Other things that were not strategically targeted therapies but they are very important is the use of immunotherapy. As Silvia Novello remarked in her session, the standard of care in the first line setting of this disease has changed. We have this year in the World Conference of Lung Cancer and recently published in the New England Journal of Medicine there is the results of the IMpower133 trial comparing standard treatment with platinum etoposide versus carboplatin etoposide plus atezolizumab in first line setting of the disease and the trial has been positive for its primary endpoint, demonstrating an improvement in overall survival from 10 to 12.3 months with a decrease of a risk of death of 30% in those patients treated with a combination of chemotherapy and atezolizumab. This is important because we have been in this meeting some new information about the use of immunotherapy as monotherapy in the second line setting and the results have not been as positive as they expected such as the recently reported press release reported results of nivolumab in the second line setting of small cell lung cancer. So it’s important maybe in small cell lung cancer the activity of immune monotherapy is completely different to non-small cell lung cancer but right now it seems that the best option for these patients is to combine both approaches in the first line setting.

By way of conclusion can you tell me your thoughts, your feelings, what is the atmosphere and the expectation for people working in small cell lung cancer at this year’s conference?

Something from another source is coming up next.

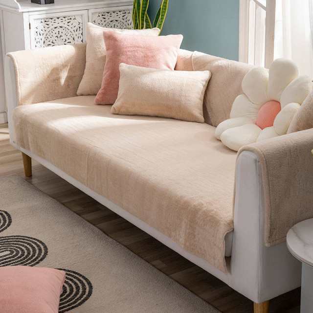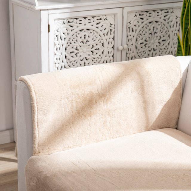 マルチカバー ニュープレーン ファー 180×70cm ナチュラル ソファーカバー 掛けるだけ 無地 一枚布 長方形 3人掛け 2人掛け ベッドカバー かわいい インテリア 雑貨 生地

There’s a lot of enthusiasm. We know now or we have admitted that small cell lung cancer is a completely different disease to non-small cell lung cancer, that we have to explore all the different approaches in the disease. I would say that now we realise that we have to explore combining strategies. Probably in small cell lung cancer we do not have to go for one single approach but we have to take the best of different approaches. New molecules using T-cell engaged approaches might be very useful or also by the use of DNA repair inhibitors, for example, or checkpoint inhibitors combined with immune therapy. That could enhance the activity or the response of immune therapy. Of course we have now the evidence that joining immune therapy and chemotherapy works in small cell lung cancer so we have in front of us a sea of options but we have to, of course, prospectively explore them and wait for the results of the phase III trials that were going to be released soon next year in the forthcoming meetings.